La mecánica cuántica cuenta con todo tipo de características extrañas, una de ellas es la superposición cuántica, la circunstancia peculiar en la que las partículas parecen estar en dos o más lugares o estados a la vez. Ahora, un grupo internacional de físicos dirigido por el Instituto de Tecnología Stevens, la Universidad de Viena y la Universidad de Queensland voltea esa descripción sobre su cabeza, mostrando que las partículas no son los únicos objetos que pueden existir en un estado de superposición, también el tiempo.
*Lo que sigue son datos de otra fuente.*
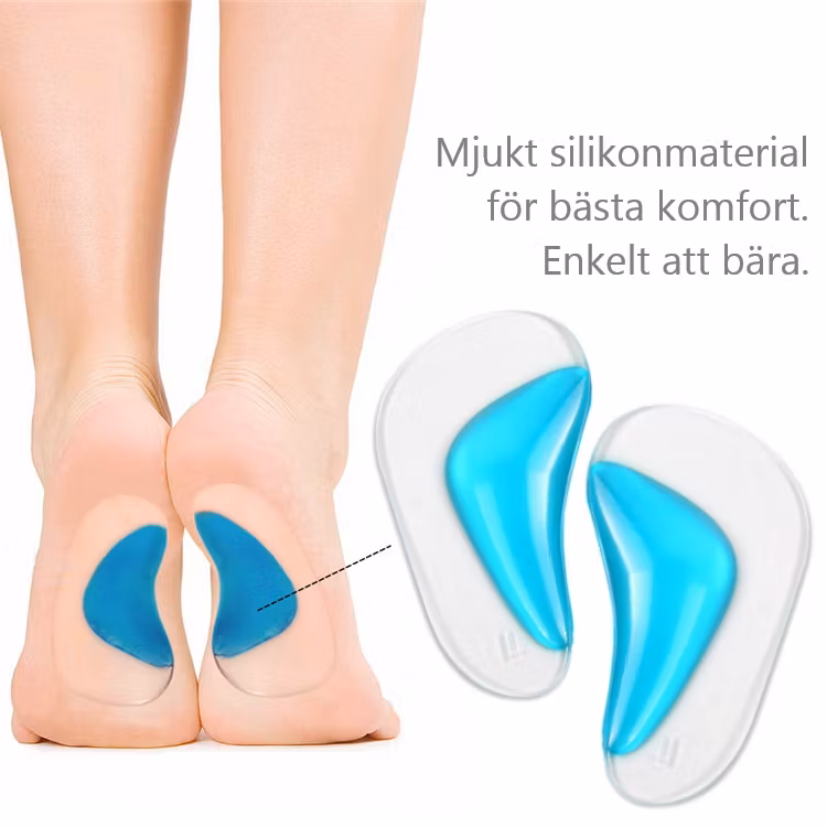 Bekväm gelkudde som ger omedelbar stötdämpning och hålfotsstöd vid plattfot. Skoinlägget är av silikon och självhäftande vilket gör det lätt att placera i skor för stöd som alltid finns på plats utan att röra på sig. Materialet är slittåligt och lätt att tvätta av om så behövs.

«La secuencia de eventos puede volverse mecánica cuántica», dijo el coautor Igor Pikovski, físico del Centro de Ciencia e Ingeniería Cuántica del Instituto de Tecnología Stevens. «Observamos el orden temporal cuántico donde no hay distinción entre un evento que causa el otro o viceversa».

 

El trabajo, publicado en la edición del 22 de agosto de Nature Communications, se encuentra entre los primeros en revelar las propiedades cuánticas del tiempo, por lo que el flujo del tiempo no observa una flecha directa hacia adelante, pero una donde la causa y el efecto pueden coexistir en dirección hacia adelante y hacia atrás. En la próxima era de las computadoras cuánticas, el trabajo es particularmente prometedor: las computadoras cuánticas que explotan el orden cuántico de realizar operaciones podrían vencer a los dispositivos que operan utilizando solo secuencias fijas.

 

Para mostrar este escenario, Pikovski y sus colegas fusionaron dos teorías aparentemente conflictivas: mecánica cuántica y relatividad general, para llevar a cabo un experimento Gedanken, una forma de usar la imaginación para investigar la naturaleza de las cosas. El equipo, formado por Pikovski, Magdalena Zych, Fabio Costa y Caslav Brukner, comenzó haciendo la pregunta, «¿qué mediría un reloj si estuviera influenciado por un objeto masivo en un estado de superposición cuántica, es decir, tanto cerca como lejos al mismo tiempo? ¿hora?»